GLib integration for the Python asyncio event loop

As an evening project, I've been working on a small library that integrates the GLib main loop with Python's asyncio. I think I've gotten to the point where it might be useful to other people, so have pushed it up here: https://github.com/jhenstridge/asyncio-glib This isn't the only attempt to integrate the two event loops, but the other I found (Gbulb) is unmaintained and seems to reimplement a fair bit of the asyncio (e.g. it has its own transport classes). So I thought I'd see if I could write something smaller and more maintainable, reusing as much code from the standard library as possible. My first step was writing an implementation of the selectors.BaseSelector interface in terms of the GLib main loop.

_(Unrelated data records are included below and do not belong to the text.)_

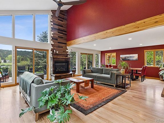 Upper Bear Creek Mountain Haven. Located in the highly sought-after Upper Bear Creek neighborhood, this exceptional 4 bedroom, 4 bathroom, 3378 Sq Ft mountain retreat combines natural beauty and modern comfort. Situated on a flat, easily accessible lot, the property offers unobstructed views of Hicks Mountain, peaceful pond vistas, and the soothing sights and sounds of Bear Creek. Spacious decks wrap around the home and include a hot tub, a flagstone patio enhances the yard, and a second private creek side patio is perfect for relaxing, entertaining, or simply soaking in the surrounding nature. Inside, the open-concept main floor boasts a bright and airy living room with vaulted ceilings, sweeping views, and a beautifully updated modern fireplace. A cozy den with second fireplace provides an intimate space to unwind, while the well-appointed kitchen opens directly to the deck’s outdoor kitchen, making entertaining seamless year-round. Upstairs, the primary suite features a walk-in closet and panoramic views of the mountains and pond. The updated ensuite bathroom includes a luxurious BainUltra spa tub, walk-in shower, and dual vanities. An additional 2 bedrooms, a full bath and laudry room complete the upper level. The lower level offers an additional bedroom, a full bath, and a flexible living area with walk-out access. The home features passive solar for year-round energy efficiency. The oversized garage includes durable and attractive epoxy flooring, an electric vehicle charging station, and plenty of space for a workshop or mountain gear. Located just minutes from Downtown Evergreen and Evergreen Lake, outdoor enthusiasts will love the private access to Elephant Butte and miles of nearby trails, plus close proximity to the Mt. Blue Sky Wilderness Area. Don’t miss your chance to own a rare piece of Upper Bear Creek paradise. Xfinity high-speed internet. VISIT THE WEBSITE FOR MORE INFORMATION AT: https://homes.livsothebysrealty.com/4230southmeadowbrooklane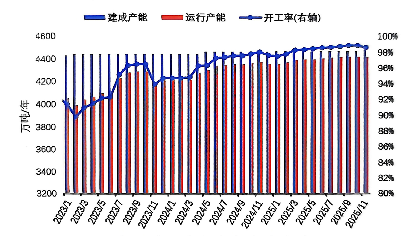 2025年11月,國內(nèi)電解鋁生產(chǎn)能力高位平穩(wěn)增長。截至11月底,建成產(chǎn)能4483萬噸/年,運行產(chǎn)能4421萬噸/年,環(huán)比增加1萬噸/年,總體生產(chǎn)力穩(wěn)定,生產(chǎn)布局仍在穩(wěn)步推進。2025年11月20日,新疆維吾爾自治區(qū)工業(yè)和信息化廳發(fā)布了新疆其亞鋁電有限公司21萬噸電解鋁建設項目產(chǎn)能置換方案的公告。該項目位于新疆準東經(jīng)濟技術(shù)開發(fā)區(qū)環(huán)城西路451號,槽型為預計500kA*156臺,產(chǎn)能指標來自新疆其亞鋁電有限公司,擬于2025年11月開工,2026年12月建成投產(chǎn)。11月26日,天山鋁業(yè)140萬噸電解鋁綠色低碳能效提升改造項目首批120臺電解槽正式開始通電啟槽,為未來140萬噸/年產(chǎn)能滿產(chǎn)運行奠定堅實基礎(chǔ)。扎鋁二期35萬噸/年計劃于12月20日通電,該項目是國家電投集團打造“源網(wǎng)荷儲直供”新范式的標志性工程,采用500kA電解槽技術(shù),2026年全面達產(chǎn),投產(chǎn)后綠電占比將達80%。預計2025年底建成產(chǎn)能將達到4525萬噸/年。目前,在產(chǎn)能接近“天花板”和開工率始終維持98%以上的背景下,后續(xù)產(chǎn)量和產(chǎn)能的增長空間非常有限。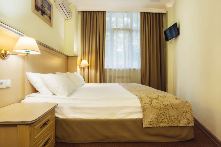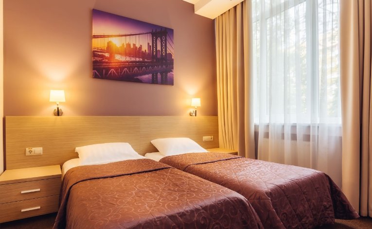 - 2-местный "Стандарт" с 2-спальной кроватью (макс. 2 чел., 15 кв. м, телевизор, кондиционер, душ/ ванна, туалет, холодильник, набор посуды, 2-спальная кровать, сейф).
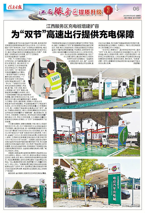 随着新能源汽车补能设备的不断完善,越来越多的司乘朋友选择驾驶新能源汽车出行旅游。2023年中秋、国庆“双节”即将到来,为给广大司乘出行保驾护航,畅行公司在所辖100对服务区加紧充电桩新建及改造升级工作,推动江西省内服务区充电基础设施向分布更广、布局更密、充电更快的方向发展,按下了江西服务区充电设备建设的“加速键”。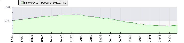 | Wind Speed: | 0|3|6 kmh | Wind Direction: | SSE 149° | Temperature: | 19.2°C | | Wet Bulb: | 17.6°C | Discomfort: | 79 | Humidity: | 87% | | Rainfall Today: | 0mm | 12 hrs Rainfall: | 0mm | 24 hrs Rainfall: | 0mm | | Barometer: | 1082.5mb | Dew Point: | 17°C | Clouds AGL: | 888ft (271 m) | | Density-Alt: | -1552ft (-473 m) | Fire Danger: | |
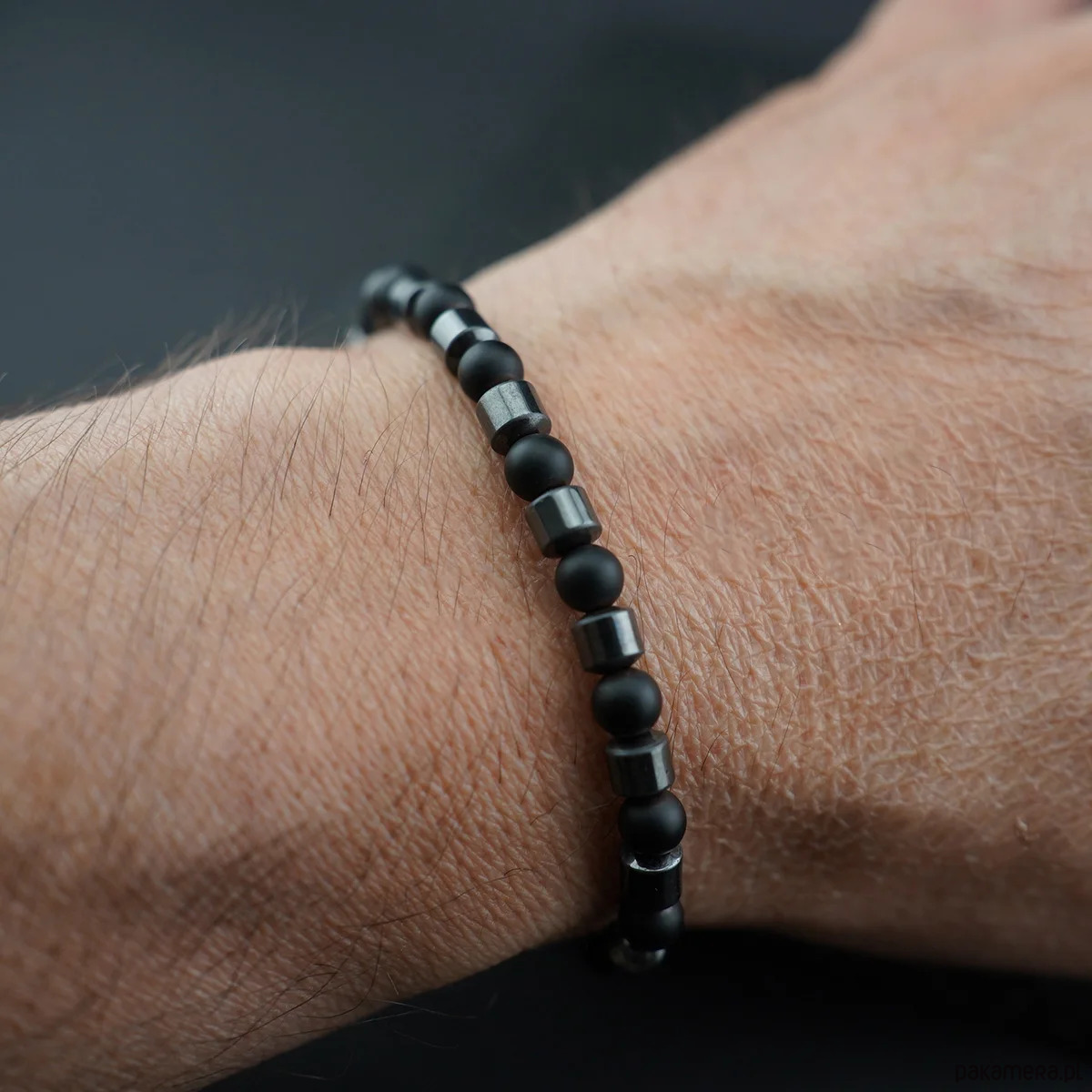 Bransoletka z matowego onyksu i srebrnego hematytu (6mm)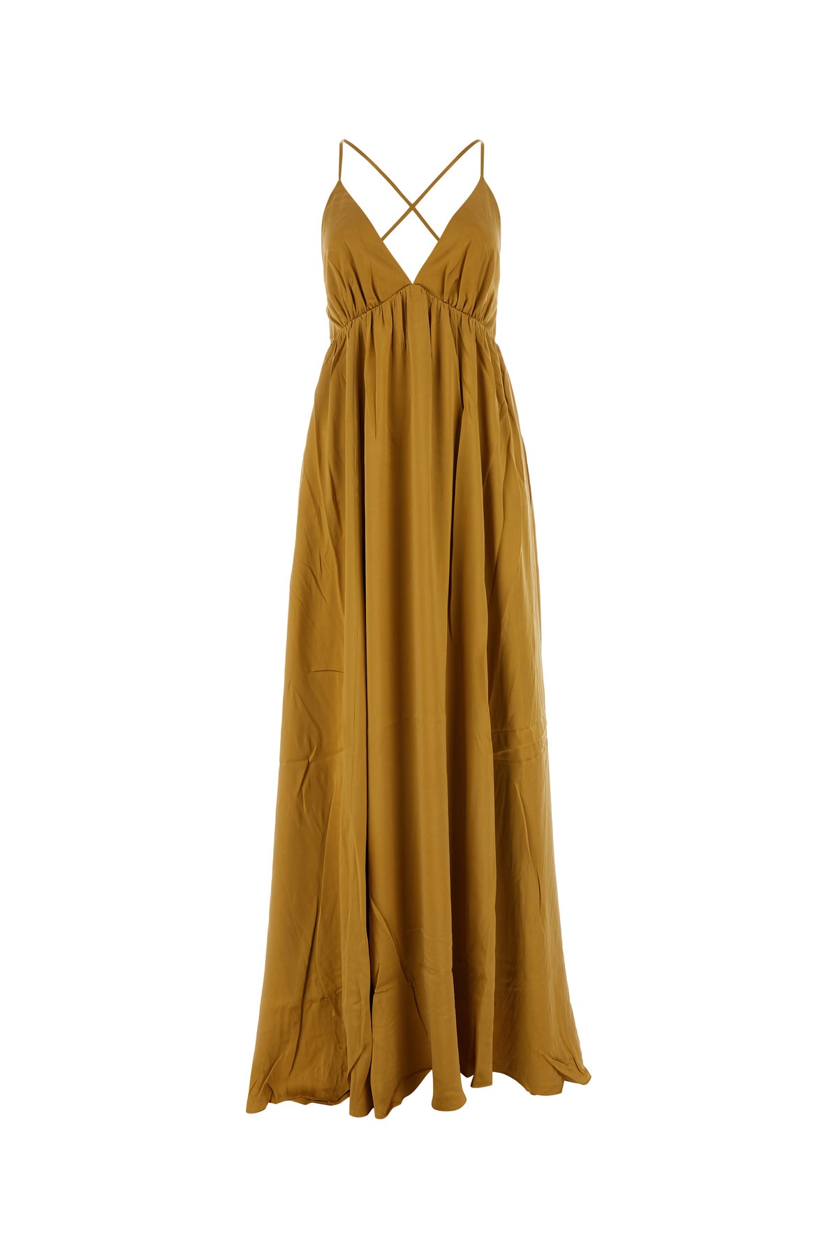 Abito lungo in seta ocra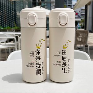 ins风简约创意文字保温杯便携努力赚钱水杯男女学生杯子忙着可爱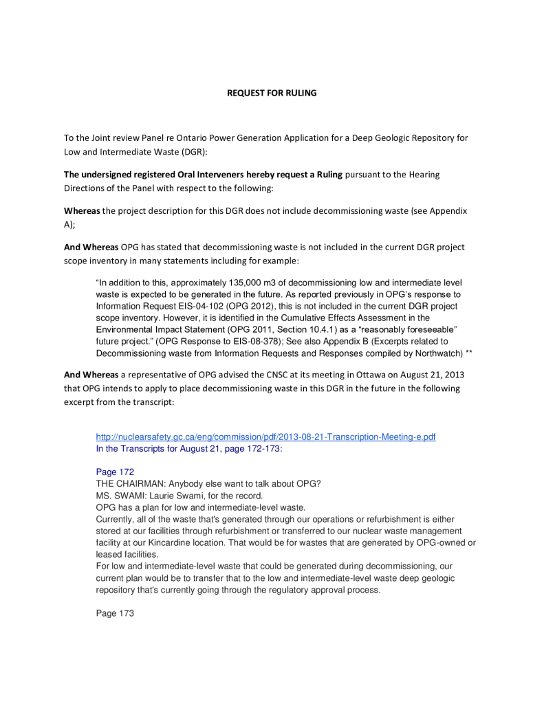 Request for Ruling Regarding Inclusion of Decommissiong Waste (DGR)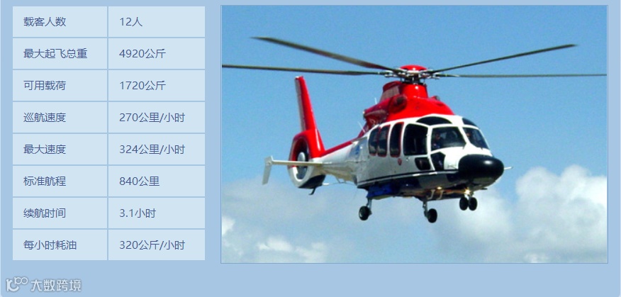 根据运维任务的内容来选择使用的直升机的机型,以空客EC155为例进行说明,其为中型直升机,可搭乘9名运维人员,1名机长,1名副机长和1名绞车手,具体参数如下。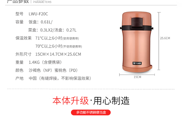 商品名称:(超运·禾贸)TIGER 虎牌保温便当盒LWU-F20C沙褐色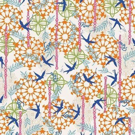 Collection Description: Enchanted. Become enchanted with the latest collection from Valori Wells for Free Spirit Fabrics. Beautiful birds soar across floral backgrounds. Intricate geometrics add depth and complexity to this wonderful collection.
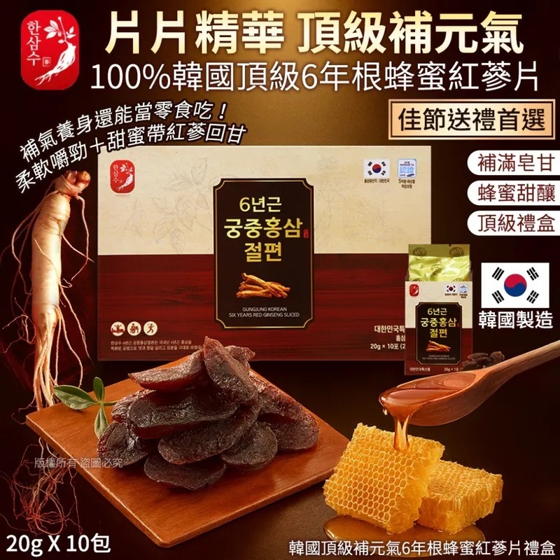 韓國🇰🇷直送@限時預購🔛頂級補元氣6年根蜂蜜紅蔘片禮盒 (1盒10包)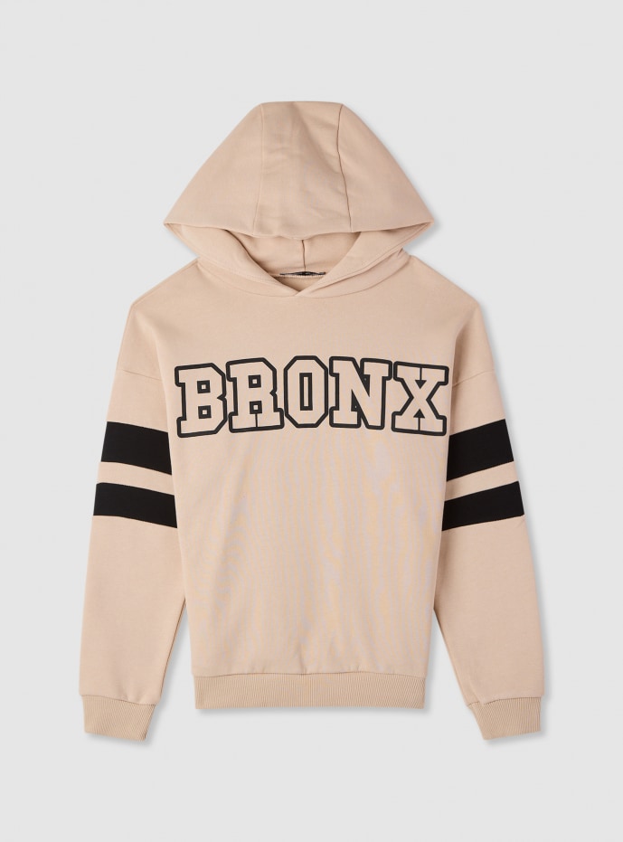 Felpa con cappuccio con stampa sport Avorio

The select() method just runs a GMainLoop with a custom source that will quit the loop if any of the file descriptors are ready, or the timeout is reached. For the asyncio event loop, I was able to reuse the standard library asyncio.SelectorEventLoop with my new selector. In action, it looks something like this: Let the GMainLoop spin until any asyncio events come in. Return control to the asyncio event loop to process those events. Repeat As far as testing goes, the Python standard library comes with a suite of tests parameterised on an event loop implementation. So I've just reused that as the bulk of my test suite, and done the same with the selector tests. There are a handful of test failures I still need to diagnose, but for the most part things just work. Making an asyncio application use this event loop is simple: import asyncio import asyncio_glib asyncio.set_event_loop_policy(asyncio_glib.GLibEventLoopPolicy()) The main limitation of this code is that it relies on asyncio running the GLib main loop. If some other piece of code runs the main loop, asyncio callbacks will not be triggered and will probably lead to busy looping. This isn't a problem my project (an asyncio server making use of GStreamer), but would be a problem for e.g. a graphical application calling gtk_dialog_run().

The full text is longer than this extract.